Pictures aside, copy exactly the lines running from the one with "Eine dieser Staffeleien" to the end of the records.

(Materials provided)

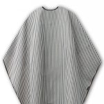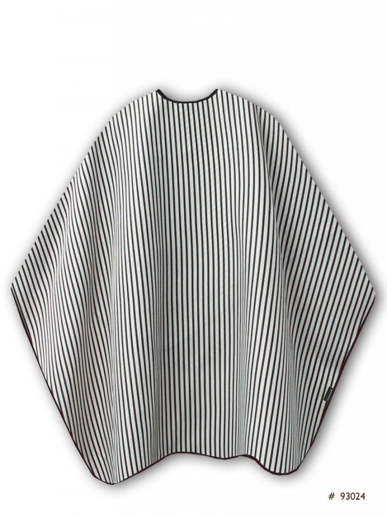 En snygg svart och vitrandig frisörkappa i helt rätt barber stil, den här kappan är alltid rätt. Kappan är extra stor för att kunna användas på även fullvuxna män men kan självklart justeras för att passa även dem som är lite mindre med hjälp av de 6 justeringsknapparna.
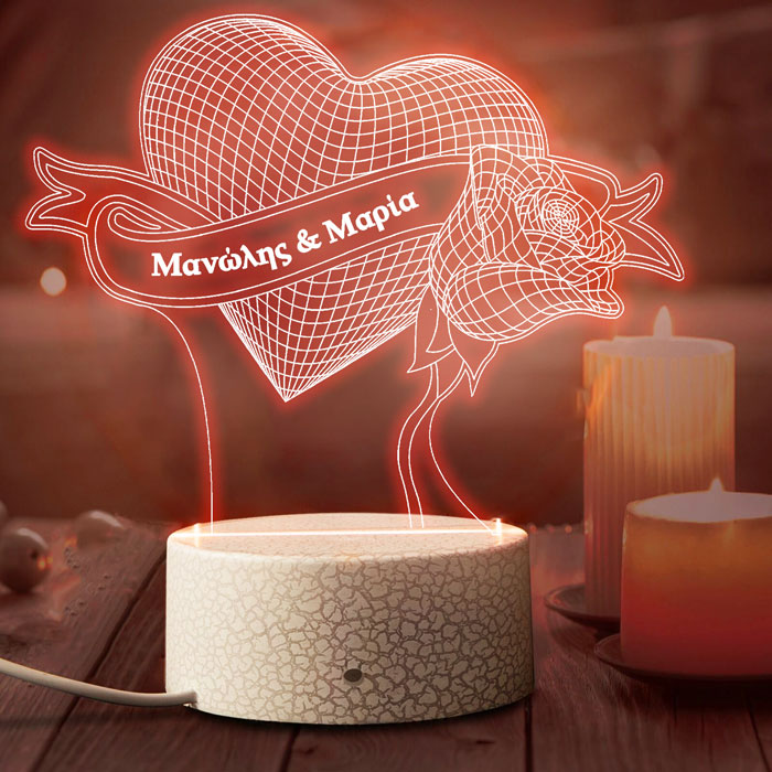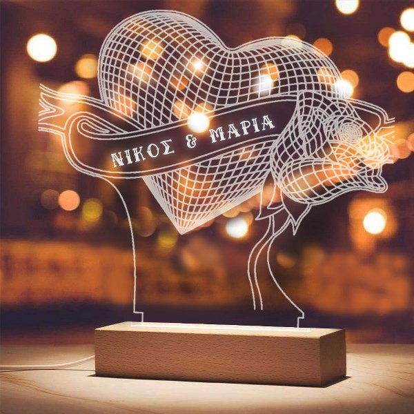 Εντυπωσιακό προσωποποιημένο φωτιστικό led Καρδιά & Τριαντάφυλλο με ονόματα, για να χαρίσετε στο άλλο σας μισό και να δείξετε την αγάπη σας!
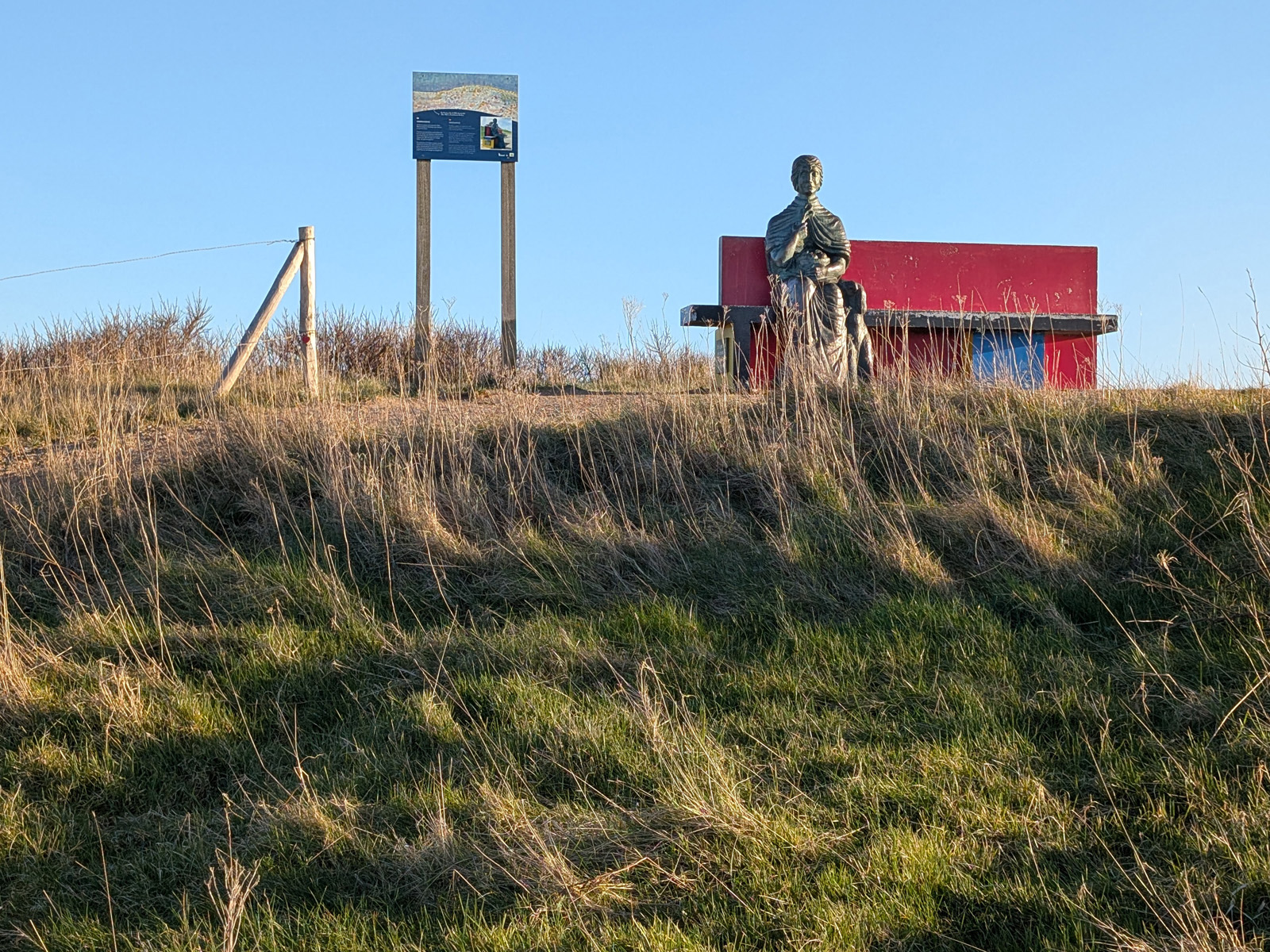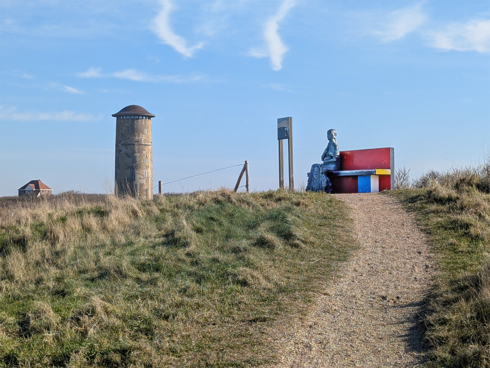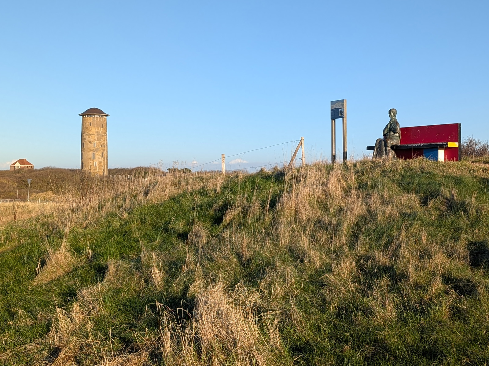 Eine dieser Staffeleien steht etwas abseits vom Ortskern beim alten Wasserturm in den Dünen.
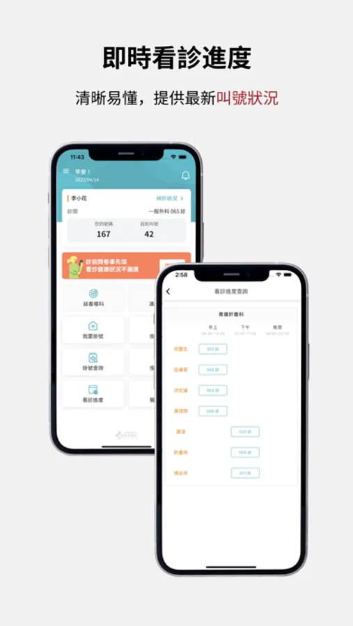 【看診進度】 即時查詢看診進度,隨時隨地掌握看診資訊。
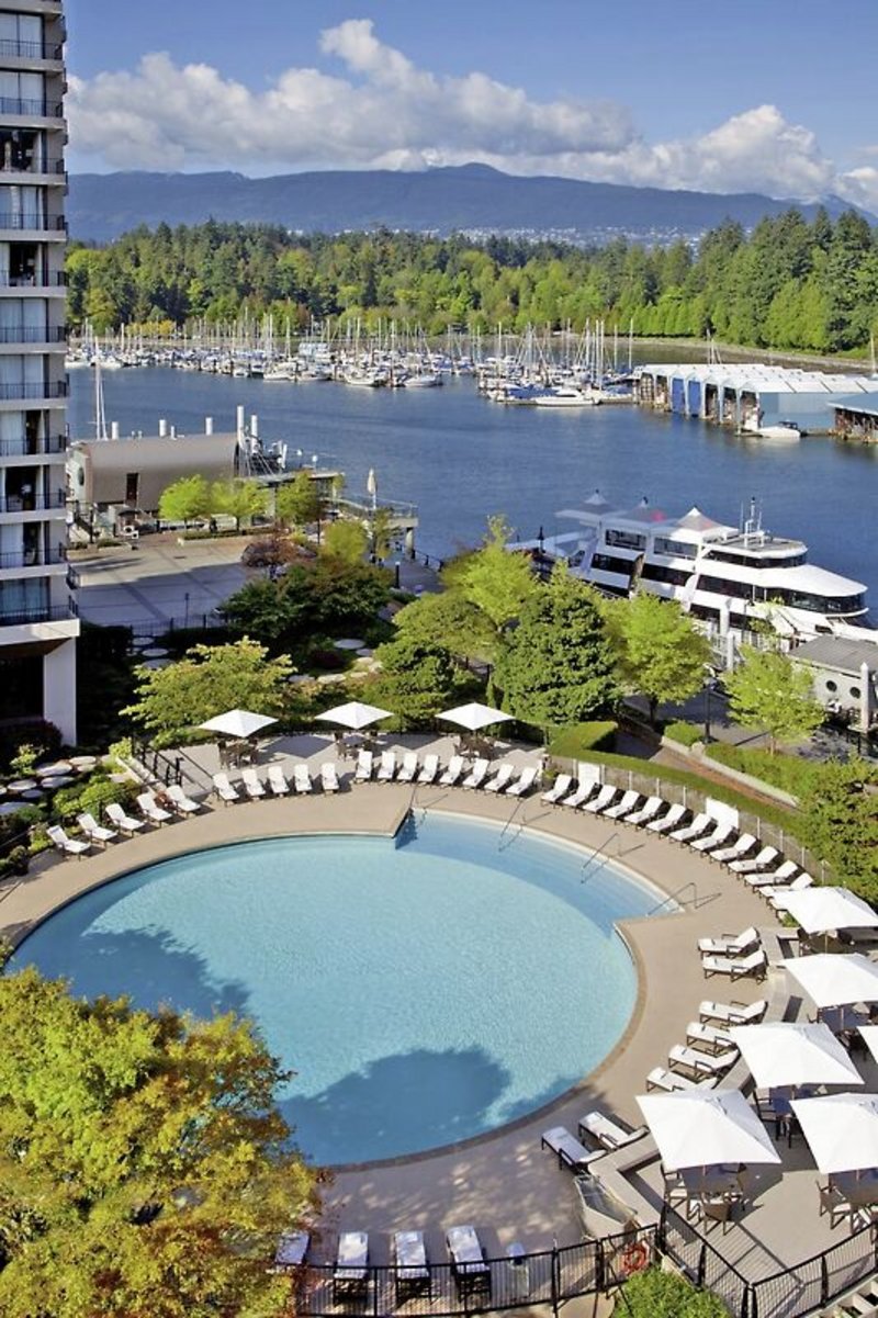 - Komfortables Hotel am Coal Harbour mit Blick auf den Stanley ParkGartenanlage mit Swimmingpool (saisonal)
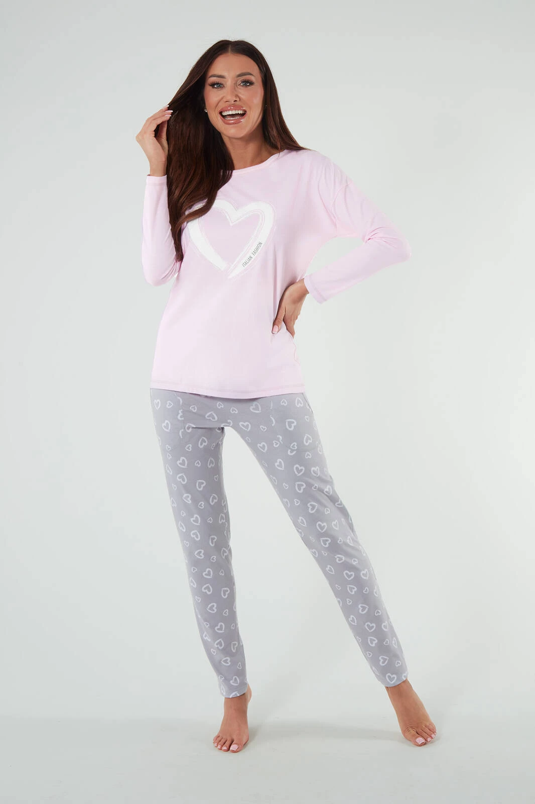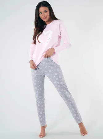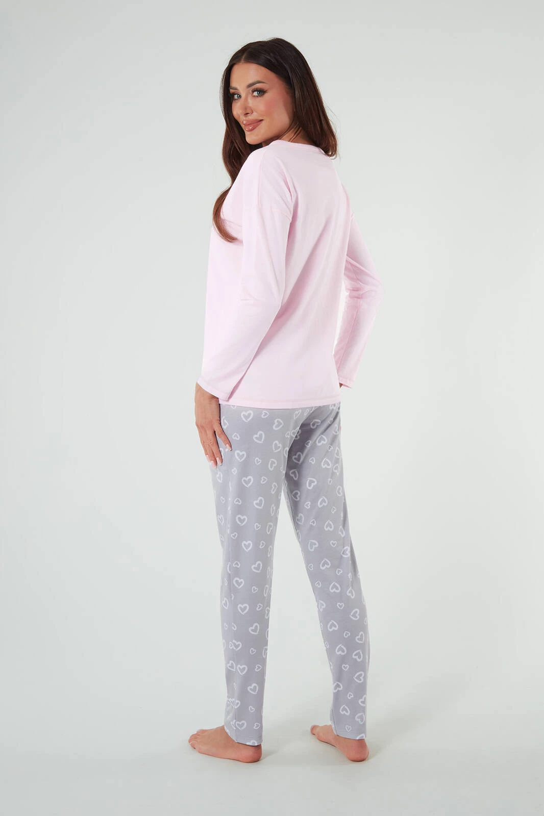 Noelia piżama damska długi rękaw. długie spodnie różowy/druk

(End Materials provided)

# [Task result]
 Eine dieser Staffeleien steht etwas abseits vom Ortskern beim alten Wasserturm in den Dünen.
 【看診進度】 即時查詢看診進度,隨時隨地掌握看診資訊。
 - Komfortables Hotel am Coal Harbour mit Blick auf den Stanley ParkGartenanlage mit Swimmingpool (saisonal)
 Noelia piżama damska długi rękaw. długie spodnie różowy/druk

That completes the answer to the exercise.